Peace in Chaos Podcast *Manifesto













Listen to my "manifesto" HERE or click below:

 

What is your parenting manifesto?
Here's my best attempt to explain why we parent the way to parent:


In our culture infants are an inconveniences, toddlers are crazy, grade schoolers are annoying, middle schoolers are awkward, and teenagers are just idiots. And then it continues: young adults are out of touch real with reality. And then it continues middle-aged people are lame, and the elderly are useless.

So my question is: when do we have value? when are we accepted? when is our identity not shaped by what the world says?
God made each person. And he made each person a whole person. And he made each person in His image with his heart.

We have to act out of Truth. we have to model for our children that they have value and worth at every age at every level and every stage of life. We don't need to talk down to them we don't need to water down the truth we don't need to think of them in a negative light. what good is that doing, except making ourselves feel better about our feelings?

We need to treat them how we want to be treated. Isn’t this what we all want? Don't  we all want genuine connection, affection, affirmation, and truth?

We need to speak truth into them: the truth of what we know that they were made to be, and what they can be, not what we see right now. We need to be their biggest encouragers, vision-casters, and co- dreamers. we need to consider their developmental level, and that their brains are still forming, while at the same time considering that they are born a whole person and have whole value, furthermore ETERNAL value.

We need to see them how God sees them. while their brains might still be forming, they don't have immature Holy Spirits... they have the same Holy Spirit that we have, right?

This should cause us to have healthy expectations. Expectations that consider that their reasoning center and their critical thinking enter of their brains is still developing, but that we can train them to know truth and to think critically. That we can train them to make good choices. That we can remind them and train them that they are kind and loving and patient and peacemakers.

We tell them who they are, and shouldn't we be telling them who God says they are? Everything is else is a LIE. They are made in His image, they are sons and daughters of a high king, nothing can make God love them more or less, that they have an internal inheritance, Jesus died for all of their sins, He has given them all of the fruits of the Holy Spirit, and He has a big purpose and plan for their life.

We get the honor of drowning out the lies with truth. We get the honor of training them in righteousness. We get the joy of seeing misbehavior as an opportunity. An opportunity to see what is truly going on in their hearts and minds, to meet them where they're at, and to come alongside them and point them to a better way. His ways.

The very beginning of the Bible starts with Adam and Eve being made in the image of God, giving them identity & purpose, and yet he also gave them total free will. And with that free will, they made the wrong choice. God could have made them total robots that only do what makes Him look good and what He wants them to do. But He let them mess up and there were major consequences to that bad choice, but the point is he let it happen. and the rest of the story of the entire Bible is him giving person after person chance after chance to do things His way...to bring them back to Him to connect them to Him.

The Bible is full of story after Story of Him reminding people of who He says they are. It is full of second choices, “try-agains”, do-overs. There are not many stories in the Bible of people getting it right the first time and doing exactly what God tells them to do. Why do we expect this of our children? Why do we expect this of still developing minds? Is this how God Parents us?

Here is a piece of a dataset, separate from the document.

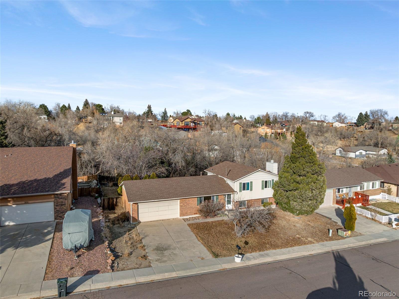 Welcome to this well-maintained home in beautiful Stratmoor Hills, perfectly positioned to capture stunning mountain views from the front and serene, wooded privacy in the backyard. Situated on a large, tree-filled lot, this property offers true Colorado living both inside and out. The bright and inviting main level features tile floors, granite tile countertops and maple kitchen cabinets in the kitchen, and upgraded carpet throughout. Natural light fills the space thanks to numerous windows, enhancing the warm and welcoming layout. Upstairs, you’ll find all three bedrooms along with two full bathrooms, offering convenience and separation from the main living areas. The spacious lower level provides exceptional versatility with a large secondary living area, cozy gas fireplace, 3/4 bath, and laundry space—perfect for guests, hobbies, or additional relaxation. With a newer furnace, well-preserved finishes, and a beautifully established neighborhood known for its tranquility and charm, this home is move-in ready and full of potential. Incredible location, close to Fort Carson, grocery stores, Target, restaurants, movie theater, the World Arena, and easy access to Academy and I25. Don’t miss your opportunity to own a lovely home in sought-after Stratmoor Hills!

It's time for us to explore our motivations. It's time for us to dig deep in figure out why we are so uncomfortable when children misbehave. Why do we need to control them? Why do we need them to do exactly what we say when we say it the first time? Why are we so easily angry and frustrated? Why are we not okay with them not being “okay”? Why are we constantly reacting instead of responding with empathy and peace? What do we need to unlearn?

How often do we think of why we are parenting the way we parent? How how often do we think of the long-term repercussions of how we parent our children? What is Our intention, what is our purpose, what is our motivation?

This is not about giving permission for them to do whatever they want or get away with everything. This also is not about dictating and correcting their every move. This is about training, connecting, forgiving,discipling, guiding, re-directing, and encouraging. It's about giving our best, yet imperfect attempt to parent how God parents us (while understanding we are all going to go about it differently because no two parents are the same). He's both gentle and firm, grace and truth, patient and pressing. He's a good, good Father.